[Data provided Boundary: Start]

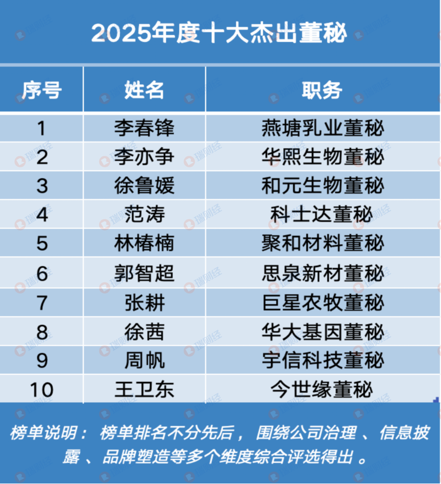 “2025年度十大杰出董秘”榜单围绕公司治理、信息披露、品牌塑造等多个维度综合评选得出。
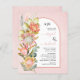 BUDGET Tropische Protea Blume Pampas Gras und Eukalyprus Blätter weiche rosa Bogen Hochzeit Einladung mit QR-Code. Dieses hübsche Hochzeitsdesign zeigt einen Bogenrahmen auf rot-rosa Farbhintergrund mit Ihren Initalien und Texten. Auf der links Seite befinden sich Protea-Blume, Pampas-Gras, ein Palmenblatt und Eukalyptus-Blätter. Die Rückseite enthält Ihren QR-Code für UAWG.
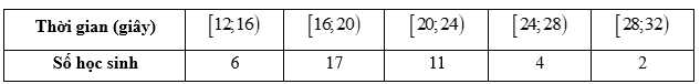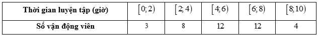 Câu 17 [1038191]: Thời gian luyện tập trong một ngày (tính theo giờ) của một số vận động viên được ghi lại ở bảng sau:
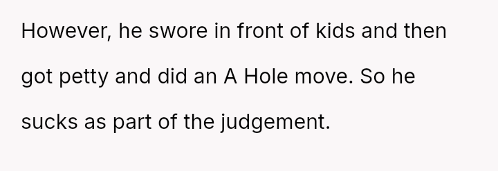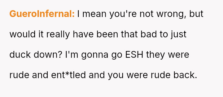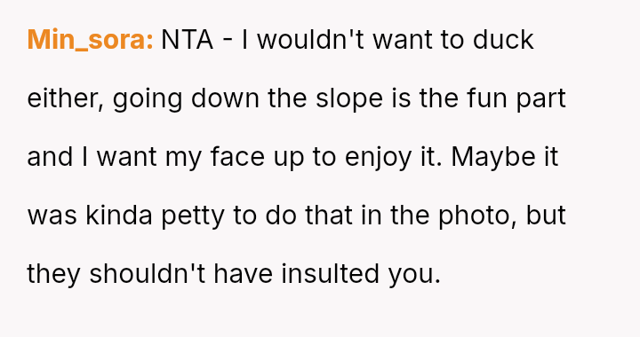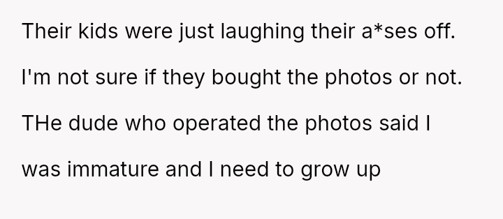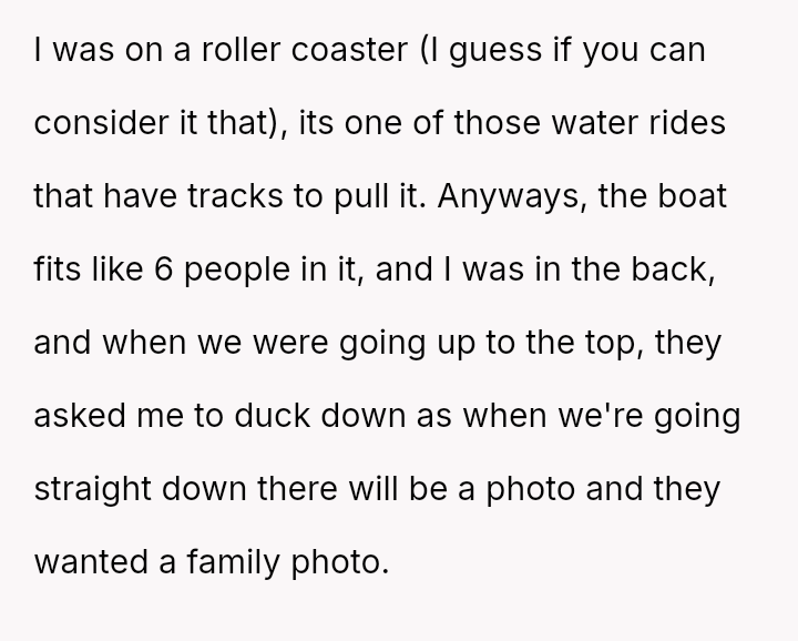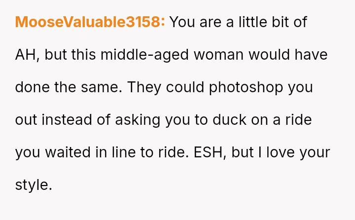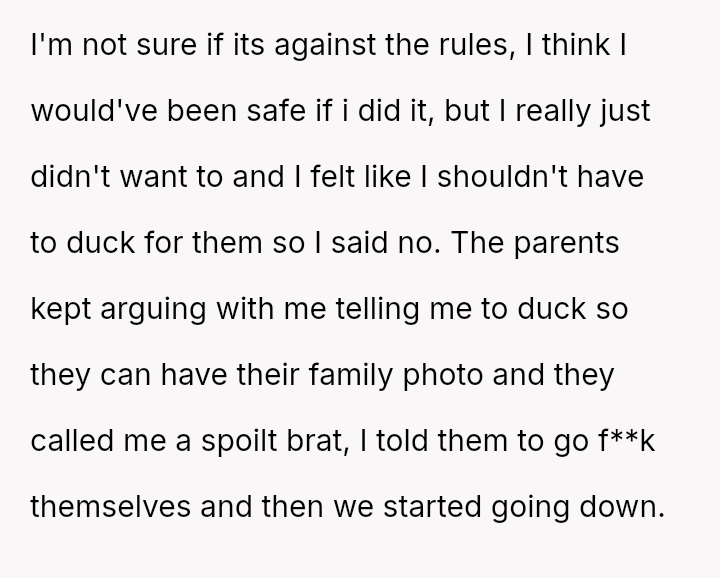 The original poster (OP) firmly rejected a request from a family to duck down for a ride photograph, leading to an escalation where the family insulted the OP, and the OP responded with defiance and antagonistic gestures toward the camera.
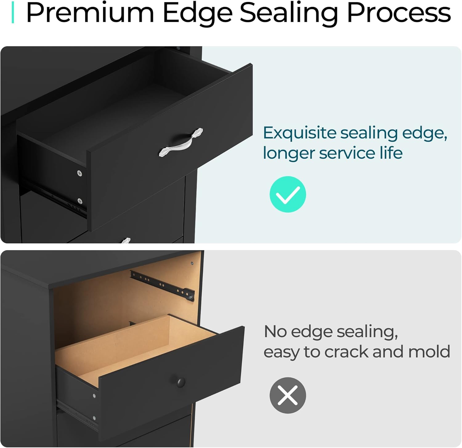 LINSY HOME 5 Drawer Dresser, Black Dresser for Bedroom, Modern Dresser Chest with Wide Drawers, Wood Storage Chest of Drawers for Nursery Kids Room Living Room

[Data provided Boundary: End]

• Description of the task:
The lines from the one that contains "Câu 17 [1038191]: Thời" through the end of the data, repeated exactly and with no pictures, make up the whole answer.

• Output for this task:
 Câu 17 [1038191]: Thời gian luyện tập trong một ngày (tính theo giờ) của một số vận động viên được ghi lại ở bảng sau:
 The original poster (OP) firmly rejected a request from a family to duck down for a ride photograph, leading to an escalation where the family insulted the OP, and the OP responded with defiance and antagonistic gestures toward the camera.
 LINSY HOME 5 Drawer Dresser, Black Dresser for Bedroom, Modern Dresser Chest with Wide Drawers, Wood Storage Chest of Drawers for Nursery Kids Room Living Room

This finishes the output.